**What is required**
All lines in the records below from the line with "- Doanh nghiệp" through the line with "Maria St. Hilaire" are to be given again exactly, both ends included; the pictures are to be left out.

** Opening Exercise data block **

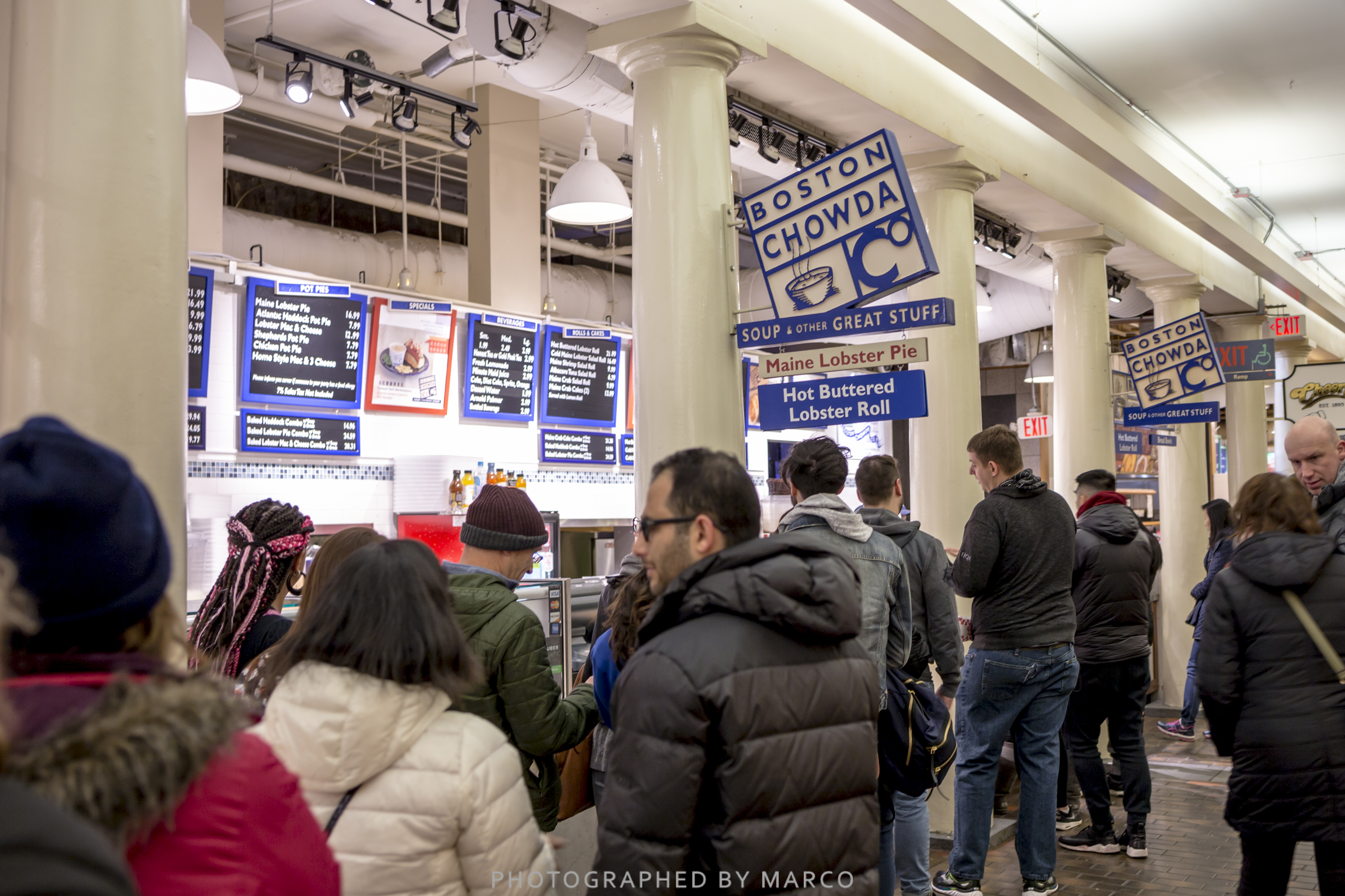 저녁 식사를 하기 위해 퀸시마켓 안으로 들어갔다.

** Closing Exercise data block **
** Opening Exercise data block **

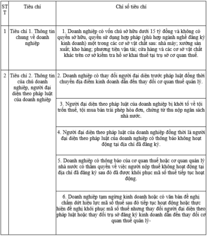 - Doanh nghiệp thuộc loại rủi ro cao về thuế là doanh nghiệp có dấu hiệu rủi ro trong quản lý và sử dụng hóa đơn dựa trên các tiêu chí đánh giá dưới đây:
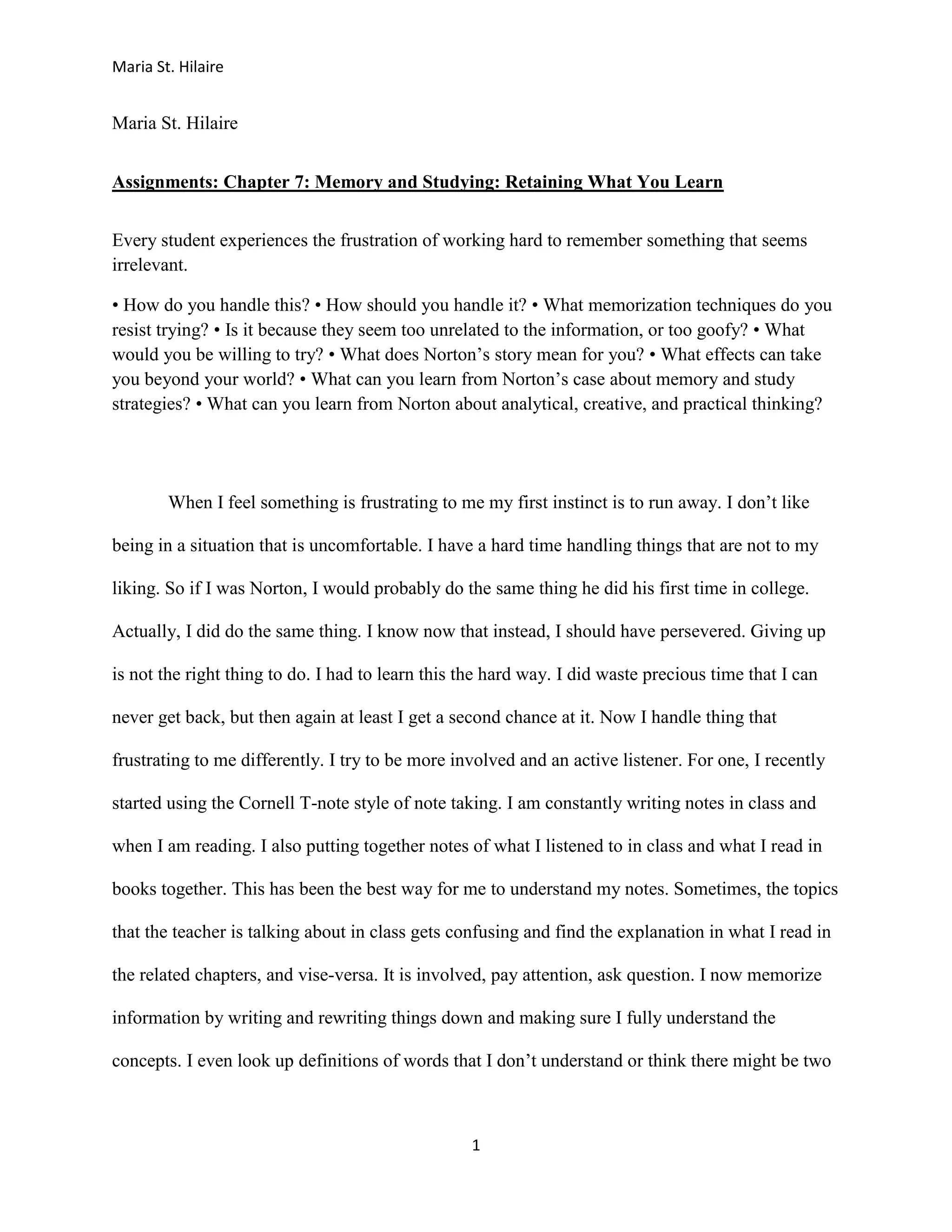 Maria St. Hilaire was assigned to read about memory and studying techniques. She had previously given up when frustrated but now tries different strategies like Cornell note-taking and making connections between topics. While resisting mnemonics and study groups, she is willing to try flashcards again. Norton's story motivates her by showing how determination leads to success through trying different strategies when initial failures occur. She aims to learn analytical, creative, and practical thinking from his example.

** Closing Exercise data block **

**Solution for this exercise**
 - Doanh nghiệp thuộc loại rủi ro cao về thuế là doanh nghiệp có dấu hiệu rủi ro trong quản lý và sử dụng hóa đơn dựa trên các tiêu chí đánh giá dưới đây:
 Maria St. Hilaire was assigned to read about memory and studying techniques. She had previously given up when frustrated but now tries different strategies like Cornell note-taking and making connections between topics. While resisting mnemonics and study groups, she is willing to try flashcards again. Norton's story motivates her by showing how determination leads to success through trying different strategies when initial failures occur. She aims to learn analytical, creative, and practical thinking from his example.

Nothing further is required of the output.